La ricerca scientifica ha messo a punto anche farmaci specifici contro il Covid. Sembra dare risultati promettenti un nuovo antivirale, il molnupiravir, sviluppato da Merck in collaborazione con Ridgeback Biotherapeutics. Secondo quanto riportato dalla rivista scientifica Medscape Medical News, il molnupiravir, che si assume per bocca, se preso due volte al giorno per cinque giorni permette una forte riduzione della carica virale. In Italia, tra i nove centri che partecipano alla sperimentazione (fase tre) c’è anche l’ospedale San Martino di Genova. «Se i dati del trial clinico saranno incoraggianti - spiega Ordinario di Malattie Infettive all’università di Genova Matteo Bassetti - speriamo possa arrivare una approvazione rapida». In realtà, lo scorso 5 novembre, il coordinatore del Comitato tecnico scientifico Franco Locatelli ha annunciato che Aifa si è già attivata per acquisirne una quantità adeguata.
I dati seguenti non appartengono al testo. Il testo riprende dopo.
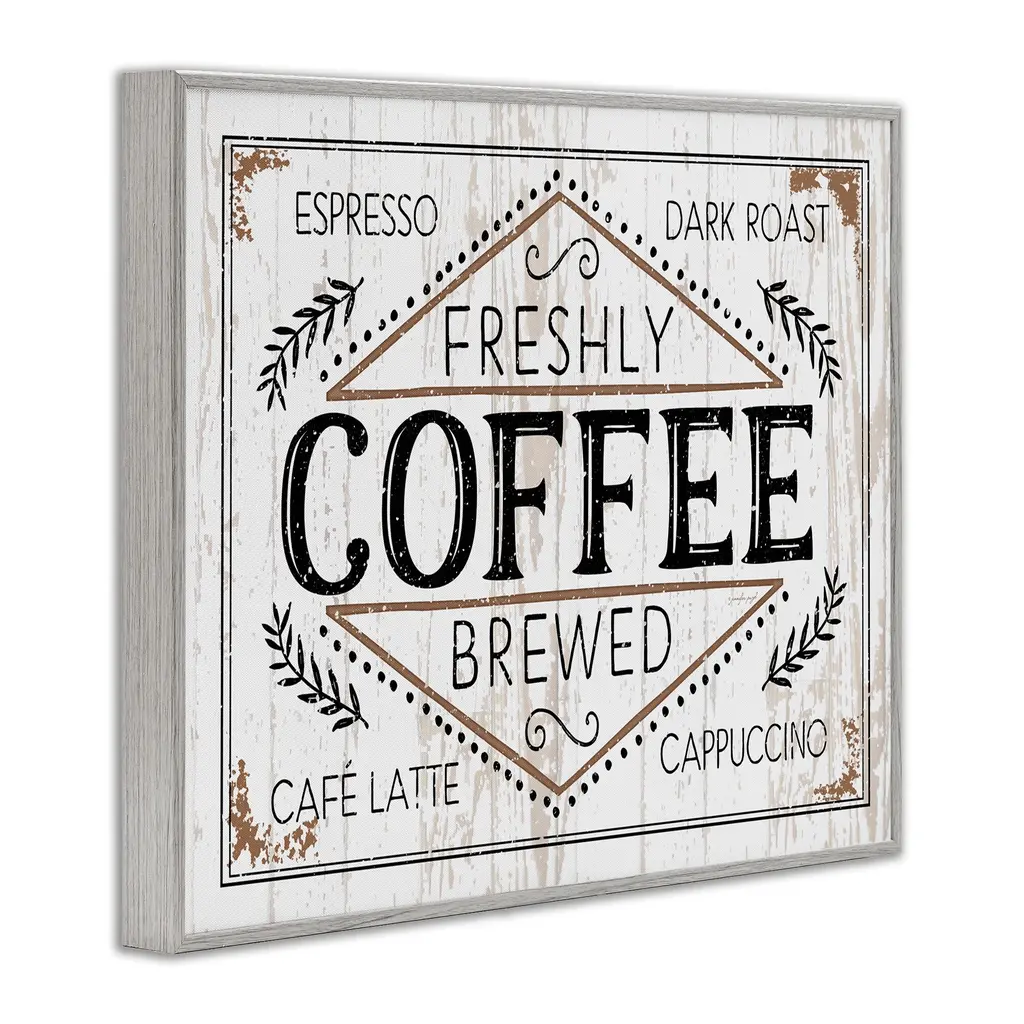 Stupell Rustic Fresh Brew Coffee Sign Autumn Charm Framed Giclee Texturized Art By Jennifer Pugh - 16 X 20 - Grey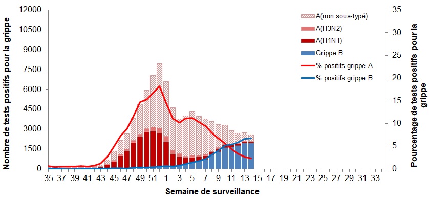 - Au cours de la semaine 14, le pourcentage de tests positifs pour l'influenza était de 9,0 % et un total de 2 611 détections en laboratoire (662 grippe A et 1 949 grippe B) ont été signalés.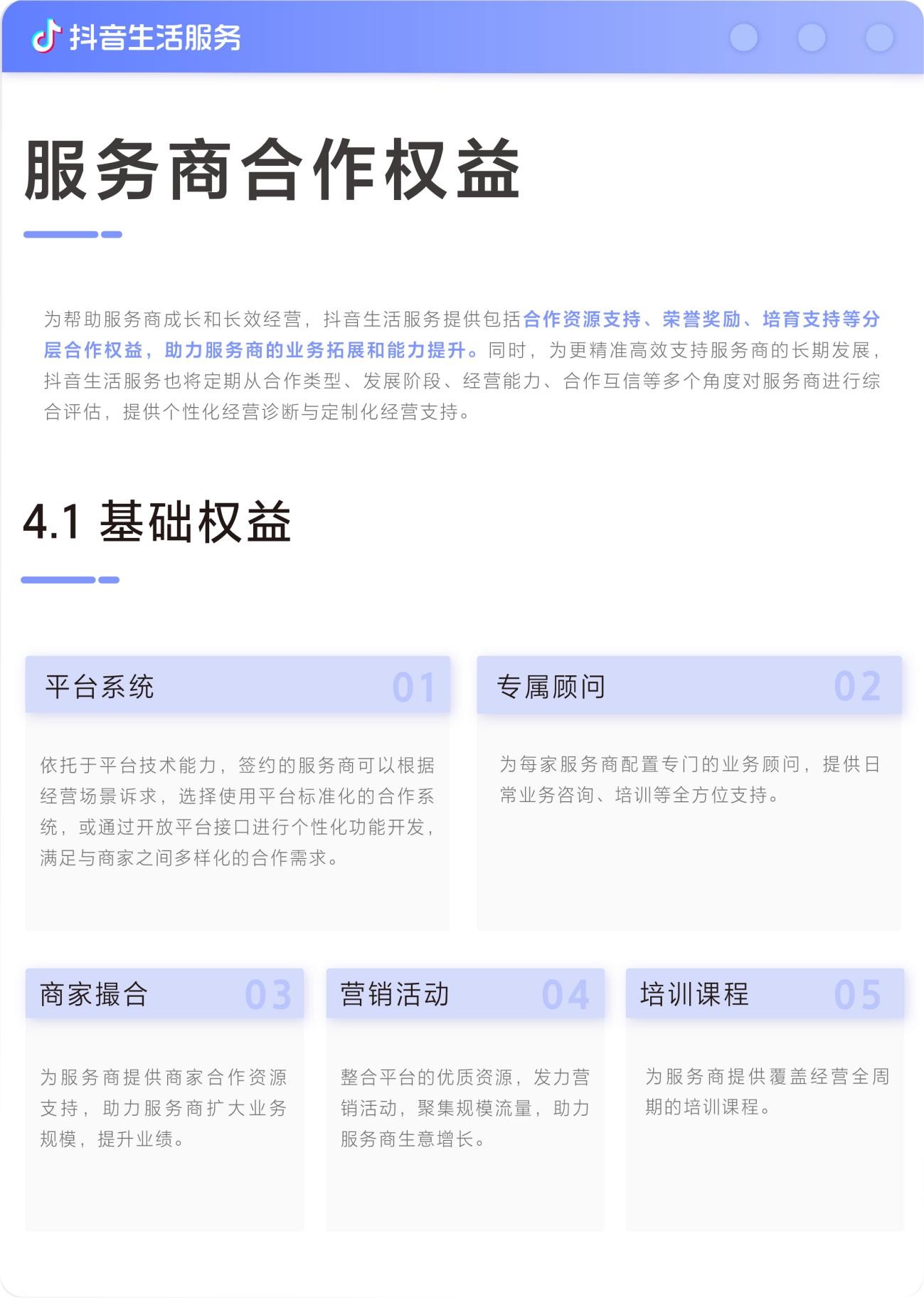 服务商的基础权益包括平台系统、专属顾问、商家撮合、营销活动、培训课程等全方位支持,满足其与商家之间多样化的合作需求。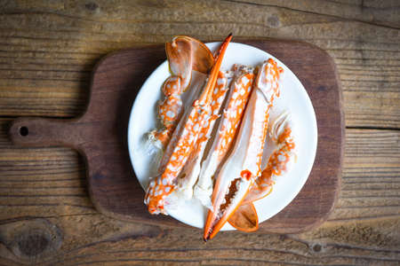 Boiled crab food on wooden board on the table, crab claws shellfish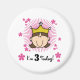 Brunette Princess with crownand pretty pink flowers 3rd Birthday design.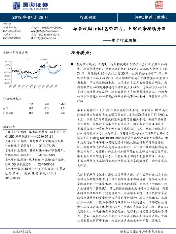【国海证券】【20190728】20190728-国海证券-电子行业周报:苹果收购Intel基带芯片,日韩之争持续升温-13页 行业研究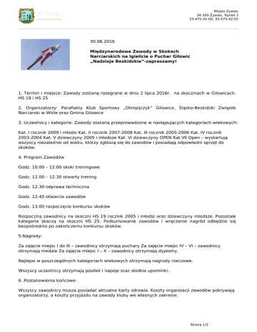 Miasto Żywiec 34-300 Żywiec, Rynek 2 33-475-42-00, 33-475-42-01 30.06.2016 Międzynarodowe Zawody w Skokach Narciarskich na Igielicie o Puchar Gilowic „Nadzieje Beskidzkie”-zapraszamy! 1. Termin i miejsce: Zawody zostaną rozegrane w dniu 2 lipca 2016r. na skoczniach w Gilowicach. HS 19 i HS 25 2. Organizatorzy: Parafialny Klub Sportowy „Olimpijczyk” Gilowice, Śląsko-Beskidzki Związek Narciarski w Wiśle oraz Gmina Gilowice 3. Uczestnicy i kategorie: Zawody zostaną przeprowadzone w następujących kategoriach wiekowych: Kat. I rocznik 2009 i młodsi Kat. II rocznik 2007-2008 Kat. III rocznik 2005-2006 Kat. IV rocznik 2003-2004 Kat. V dziewczyny 2005 i młodsze Kat. VI dziewczyny OPEN Kat.VII Open – wystartują wszyscy niezależnie od wieku, którzy zgłoszą się do zawodów i posiadają odpowiedni sprzęt do skoków. 4. Program Zawodów Godz. 10.00 – 12.00 skoki treningowe Godz. 12.00 – 12.30 otwarty trening Godz. 12.30 odprawa techniczna Godz. 12.45 otwarcie zawodów Godz. 13.00 rozpoczęcie konkursu skoków Rozpoczną zawodnicy na skoczni HS 19 rocznik 2005 i młodsi oraz dziewczyny młodsze. Pozostałe kategorie skaczą na skoczni HS 25. Podsumowanie zawodów i wręczenie nagród odbędzie się bezpośrednio po zakończeniu konkursu skoków. 5.Nagrody: Za zajęcie miejsc I do III – zawodnicy otrzymają puchary Za zajęcie miejsc IV – VI – zawodnicy otrzymają medale Za zajęcie miejsc I – X – zawodnicy otrzymają dyplomy. Najlepsi w poszczególnych kategoriach wiekowych otrzymają nagrody rzeczowe. Wszyscy uczestnicy otrzymają posiłek i napoje oraz słodkie upominki. 6. Postanowienia końcowe: Wszyscy zawodnicy musza posiadać aktualne karty zdrowia. Koszty organizacji zawodów pokrywają organizatorzy, a koszty przyjazdu na zawody kluby we własnych zakresie. Strona 1/2 Miasto Żywiec 34-300 Żywiec, Rynek 2 33-475-42-00, 33-475-42-01 7. Akceptując powyższy regulamin uczestnicy Międzynarodowych Zawodów w Skokach Narciarskich na Igielicie o Puchar Gilowic „Nadzieje Beskidzkie” wyrażają z tym samym zgodę na wykorzystywanie przez organizatora zdjęć i innych informacji do celów promocyjnych. 8. Zgłoszenia - będą przyjmowane do dnia 28.06.2016r. w następującej formie: Telefonicznie: 33 8653065 ( Pasko Henryk) Elektronicznie: email: [email protected] Strona 2/2 Powered by TCPDF (www.tcpdf.org)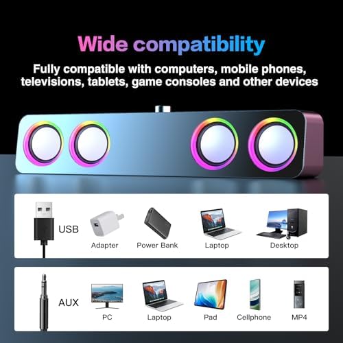 Wide Compatibility:This PC speaker is compatible with most devices featuring a 3.5mm AUX audio jack, including computers (desktops/laptops), tablets, CD players, and MP3 players. It requires simultaneous connection of a USB power cable and 3.5mm audio cable to ensure stable power supply and clear audio transmission

Sul fronte delle nuove terapie, Pfizer non sta di certo a guardare: pare sia già pronta una pillola sperimentale (il Paxlovid) in grado di ridurre dell’89% il rischio di ospedalizzazione o di morte nei pazienti trattati subito dopo la comparsa dei sintomi. L’azienda ha già stipulato accordi di acquisto anticipato con più Paesi garantendo prezzi più bassi a Stati in difficoltà.

CONTRO LE RECIDIVE

 Ma c’è poi il capitolo delle cure per chi, seppure vaccinato, si è reinfettato. Secondo Massimo Andreoni, direttore di Malattie infettive del Policlinico Tor Vergata di Roma e direttore scientifico della Società italiana di malattie infettive e tropicali, in realtà «il vaccinato mediamente non sviluppa la malattia grave. In questi casi, come al solito, si prescrive solo una terapia sintomatica, per esempio analgesici. Se si manifestano dolori si possono utilizzare antiinfiammatori, e gli antipiretici se c’è febbre». Nei casi in cui invece il vaccinato diventa sintomatico e inizia ad avere insufficienza respiratoria «allora al di là del cortisone e del remdesivir, che è l’antivirale utilizzato nei pazienti sintomatici ospedalizzati, si può valutare anche la somministrazione dei monoclonali».